The North Face is celebrating the anniversary of one of its staple products, while pushing it further into the realm of street fashion.
Released in 1992, The Nuptse jacket was one of the first “puffy jackets,” designed with baffle construction to increase warmth while remaining light-weight. It was named after its design team, who spent time at a camp in the Nuptse mountains, in the Himalayas.
The North Face has traditionally marketed the various versions of the jacket with images of mountain-climbers and nature-lovers, says Jean-Francois Dumais, CD at Sid Lee Montreal, which led creative. This campaign, however, attempts to legitimize a trend that followed the product’s initial release 25 years ago by positioning it as a staple in street fashion.
Non-athletes have appeared in similar creative before, Dumais says, but this is the first time that the “urban exploration” is overt.
The campaign video spots feature, predictably, the mountain explorer David Gottler, an alpinist who reached the summit of Nuptse in 2012. But they also include the collector Joey Ones and DJs such as Ikonika and Teki Latex.

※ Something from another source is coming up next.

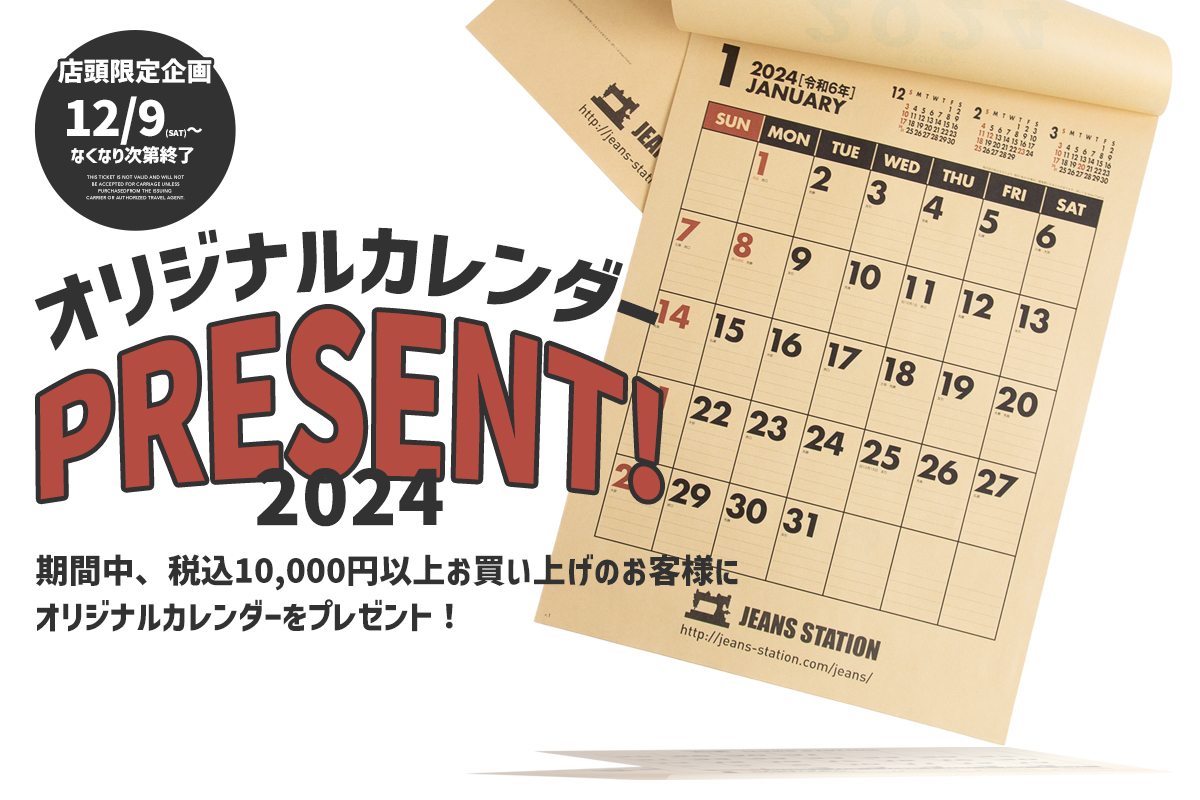 今年も残すところ、いよいよ1ヶ月を切りました。年末の当店の風物詩、JEANS STATION特製カレンダーの新年度版が今年も完成しました。そこで、12月9日(土)からジーンズステーション各店で10,000円(税込)以上お買い上げのお客様先着順に、<JEANS STATION特製2024年カレンダー>をプレゼント。カレンダーは数量限定となります。なくなり次第終了となりますので、ぜひお早めに。

Dumais says the fashion retailer chose influencers who are relevant to younger audiences, but who are old enough to have witnessed and encouraged the jacket’s crossover into street style. While the campaign may be “millennial oriented,” the intention was to give an iconic jacket a bit of a design and origin story.
The shorter, 15- to 30-second spots are intended to drive viewers to the campaign’s main four-minute-long video. Dumais says calling the latter a documentary may be a bit of a stretch, but it was made to have a documentary feel. The producers also left room for improvisation, even drawing on the influencers for suggestions around what else to include in the piece.